From the line that contains "Odbornici SNS-a su" through the line that contains "Customizable Size Solid", output every line of the listing below exactly and leave out all the rest.

__TASK INPUTS__:

--------------------------------

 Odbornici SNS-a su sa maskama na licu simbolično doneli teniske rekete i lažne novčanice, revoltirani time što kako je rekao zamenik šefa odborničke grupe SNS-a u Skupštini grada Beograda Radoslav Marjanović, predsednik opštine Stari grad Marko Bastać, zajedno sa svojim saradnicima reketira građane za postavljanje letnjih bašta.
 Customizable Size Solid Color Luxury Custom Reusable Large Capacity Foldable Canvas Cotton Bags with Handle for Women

--------------------------------

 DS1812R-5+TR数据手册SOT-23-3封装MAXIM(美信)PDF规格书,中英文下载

--------------------------------

__YOUR SOLUTION__:
 Odbornici SNS-a su sa maskama na licu simbolično doneli teniske rekete i lažne novčanice, revoltirani time što kako je rekao zamenik šefa odborničke grupe SNS-a u Skupštini grada Beograda Radoslav Marjanović, predsednik opštine Stari grad Marko Bastać, zajedno sa svojim saradnicima reketira građane za postavljanje letnjih bašta.
 Customizable Size Solid Color Luxury Custom Reusable Large Capacity Foldable Canvas Cotton Bags with Handle for Women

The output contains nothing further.